Makes 9 cookies
● 4.4oz honey
● 3.5oz sugar
● 7.9oz flour
● 2.6oz butter, room temperature
● 1 egg
● 1/2 tsp vanilla
● 1/2 tsp salt
● 1/2 tsp baking soda
● 1.8oz white chocolate drops
● 7.8oz dried apricots, chopped
-
Add honey, sugar, butter and vanilla to a large bowl. Beat with an electric mixer for 1 minute until smooth. Add egg and continue beating for 2-3 minutes until light and creamy.
-
Mix dry ingredients together in a medium bowl. Add to the whipped butter mix and stir to combine, then fold through white chocolate and dried apricots.
-
Line a large plate with baking paper.
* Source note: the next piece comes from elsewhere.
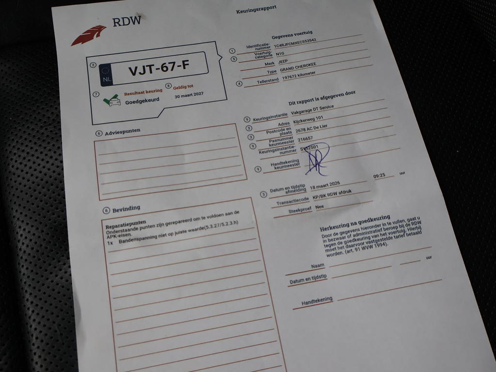 Jeep Grand Cherokee 5.7 V8 352 PK Overland automaat, Benzine grijs kenteken uitvoering met 2 zitplaatsen, Trekhaak met 3325 KG trekgewicht, Elektrisch schuif/kanteldak, Volledig leder interieur met stoelverwarming en stoelventilatie, Stuurwielverwarming, Elektrische stoelverstelling met geheugenstanden, Climate control, Adaptieve cruise control, Elektrisch inklapbare buitenspiegels, Navigatiesysteem met kaartweergave, DAB Digitale radio, Achteruitrijcamera, Parkeersensoren achter, Keyless go, Prijs is exclusief BTW.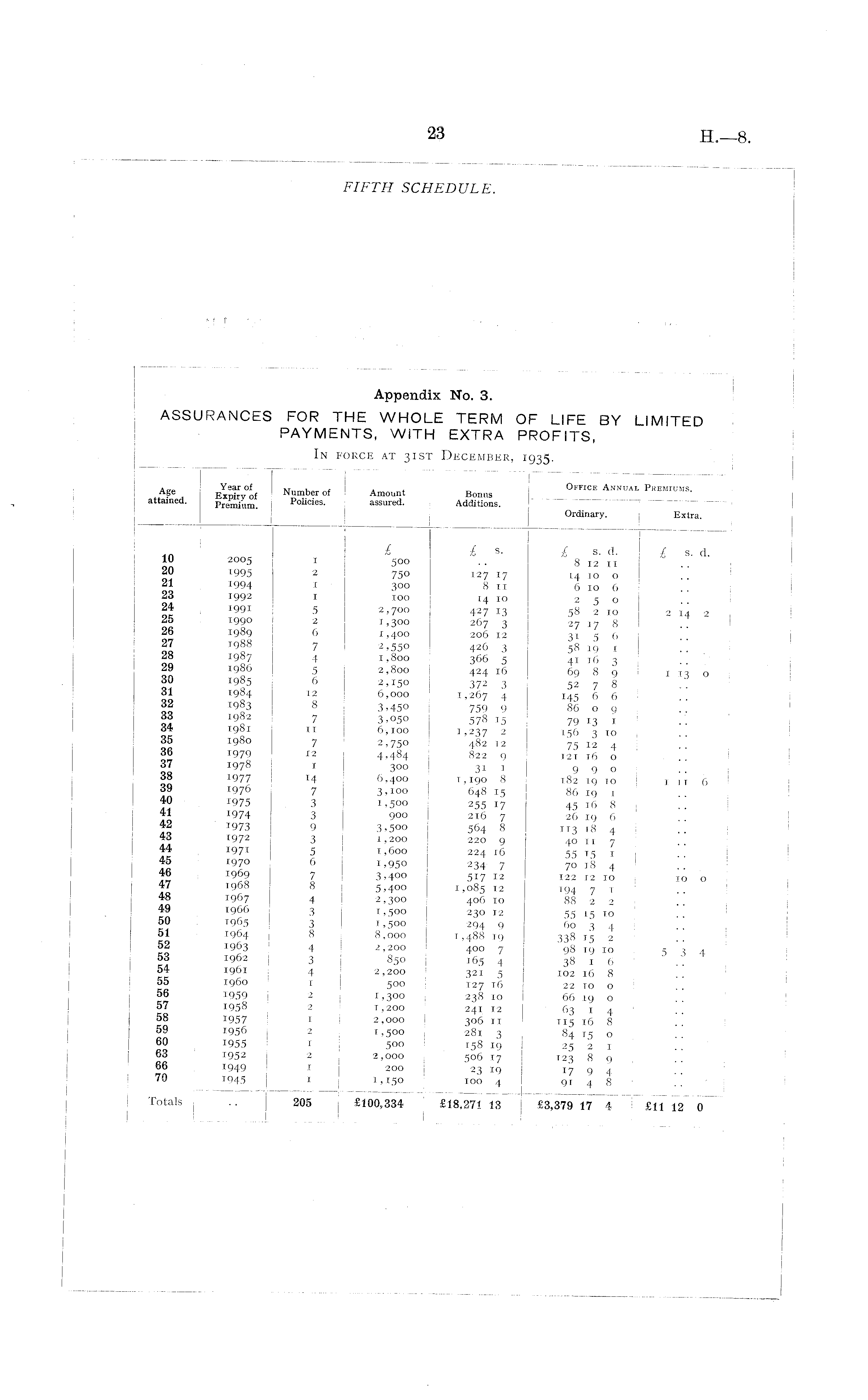 Appendix No. 3. ASSURANCES FOR THE WHOLE TERM OF LIFE BY LIMITED PAYMENTS, WITH EXTRA PROFITS, In force at 31st December, 1935.

Roll cookie dough into balls using lightly greased hands, transfer to your prepared plate and freeze for 30 minutes.
-
Preheat oven to 320°F. Line 2 large baking trays with baking paper.
-
Arrange the cookie dough balls on your prepared baking trays, giving them plenty of room to spread. Bake for 15 minutes, until golden, cooked through and soft to the touch.
-
Transfer cookies to a cooling rack. Enjoy fresh from the oven, or at room temperature.